Here's video of Nix's home run:

That's just a really bad home run, relative to home runs. But now I think we have a worse one. Understand that I'm leaving out inside-the-park home runs, because those are a different stack of pancakes. I'm talking about home runs that were over-the-fence home runs, and Michael Cuddyer has hit one lousy home run.

How lousy? This is the home run:

All right, so it looks like a run-of-the-mill unimpressive home run. A home run that barely got out, but that managed to get out. This is how barely it got out:


Barely. But there's so much more than just that.

This is Michael Cuddyer vs. Jose Arredondo in the bottom of the seventh on July 28. It was 8-5 Reds, and then Cuddyer swung, and then it was 8-7 Reds. The Reds wound up winning anyway 9-7 because the Reds are good and the Rockies are bad. Let's talk about the home run specifically, though. Firstly, it was hit in Coors Field. Coors Field stands at considerable elevation, and though the humidor has helped, it hasn't negated the elevation factor entirely. Fly balls still fly farther in Coors than they do in other stadiums. The Home Run Tracker gives Cuddyer's home run a distance of 363 feet, which is a lot. It attributes 31 of those feet to altitude, which is a lot.

It attributes two feet to temperature. Two feet are two feet, but conditions were warm, and warm conditions are more hitter-friendly than cool conditions. Now we get to the biggest factor of them all.

And the hidden factor, for those watching on video. Turns out it was exceptionally windy at the time that Cuddyer swung. Those within Coors Field would've noticed all of the fast-moving air on their faces, but those watching on video might have no idea. Cuddyer hit his home run with an elevation angle of 44 degrees. That is, the ball left the bat at 44 degrees above horizontal. 0 degrees would be horizontal. 90 degrees would be vertical. Cuddyer's home run has the greatest elevation angle of any home run hit this season, by more than a full degree.

Which means Cuddyer hit a fly ball well into the air, putting the ball in tremendous position to take advantage of the windy conditions. Which it did, as the wind grabbed the baseball and took it for the ride of its life. Had the wind been blowing in, Cuddyer's fly would've been knocked down. The wind was not blowing in; the wind was doing the opposite of that. According to the Home Run Tracker, Cuddyer's dinger gained 50 feet of distance from wind.

Put that all together. 363 feet minus 31 feet equals 332 feet, minus two feet equals 330 feet, minus 50 feet equals 280 feet. Cuddyer's home run was a fly ball with a standard distance of 280 feet, or, as the Home Run Tracker reports it, 290 feet. I don't know how to explain the discrepancy in numbers, but I'll side with the Tracker. Call it 290 feet. In no stadium are the fences 290 feet away.

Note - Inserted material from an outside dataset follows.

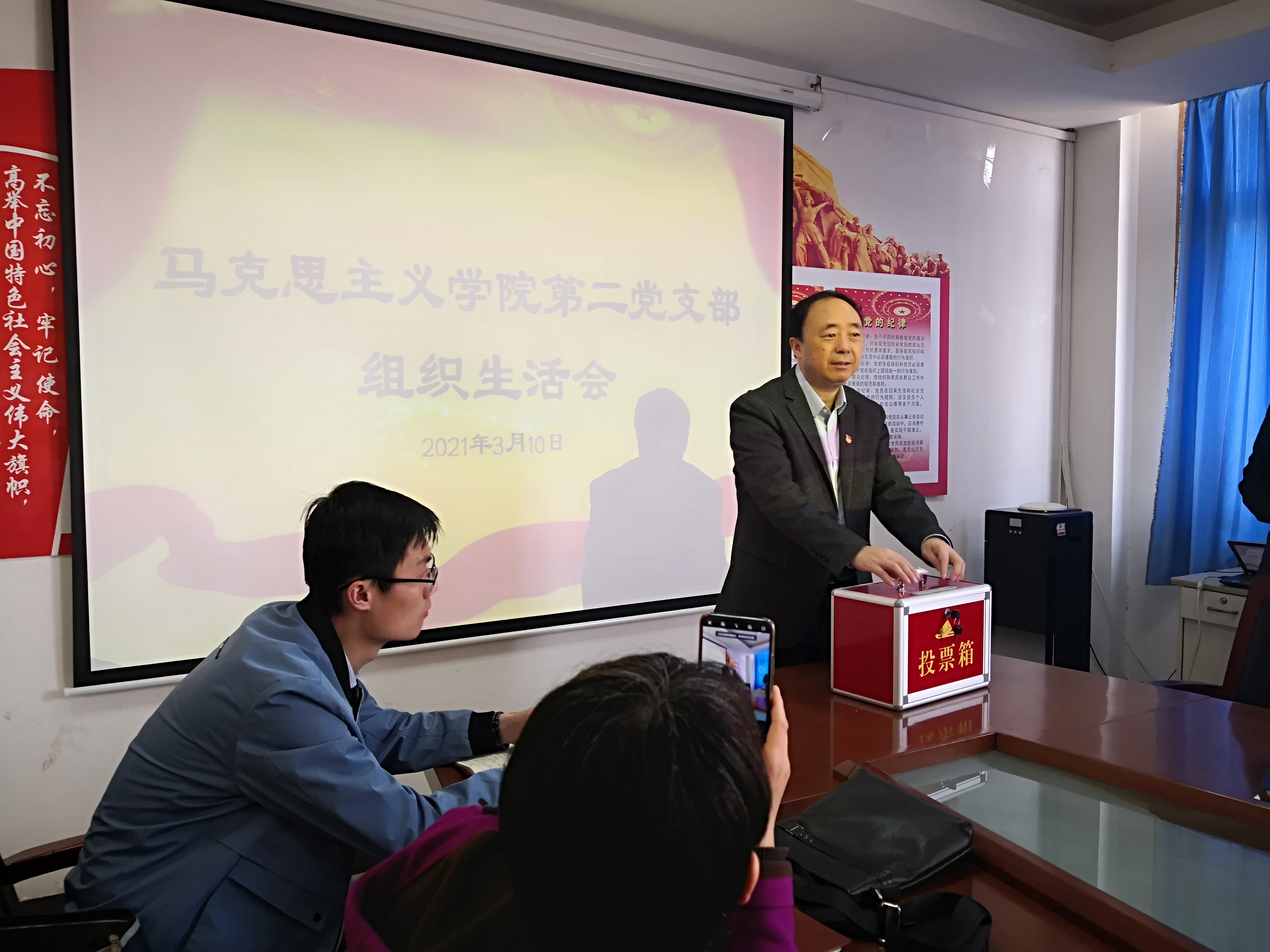 3月10日下午,校党委书记曹胜强参加马克思主义学院第二党支部组织生活会和民主评议党员活动。支部全体党员参加,党支部书记刘新全主持会议。

What does 290 feet look like? Here's PNC Park, chosen basically at random. The two dots you see are approximately 290 feet from home plate.


A 290-foot fly ball is a routine fly ball. A 290-foot line drive might be a single, double, or triple, or even an inside-the-park home run, but Michael Cuddyer didn't hit a line drive. He hit a fly ball 44 degrees above horizontal.

I don't know what Jose Arredondo thought about the sequence of events. The TV camera didn't linger on him long enough to capture his reaction, and even then we would've been left interpreting body language. The pitch he threw was elevated, but not that elevated, and over the plate, but not that over the plate. Gameday puts it at the thigh on the inner edge. Pitchers are pretty well trained to recognize batted balls as they're hit, each one having allowed a lot of batted balls over the years, and Arredondo presumably thought he got Cuddyer to fly out. Which, in a way, he did. Arredondo induced the right ball in play. It just became a ball out of play for reasons out of anyone's hands.

Jose Arredondo has allowed five home runs in 2012, and none have been worse than this one. Michael Cuddyer has hit 15 home runs in 2012, and none have been worse than this one. There's no way for me to do a quick check of whether this is the worst home run of the season, because the Home Run Tracker doesn't let you sort by standard distance, but I can't imagine that another out-of-the-park 2012 home run has a standard distance at or below 290 feet. 290-foot fly balls don't leave without encountering extraordinary circumstances.

An inside-the-park home run, a wall-scraper home run, a third-decker home run, a home run that escapes thanks to altitude and wind -- every home run counts just the same. Home runs like this one make you think that maybe, just maybe, they shouldn't.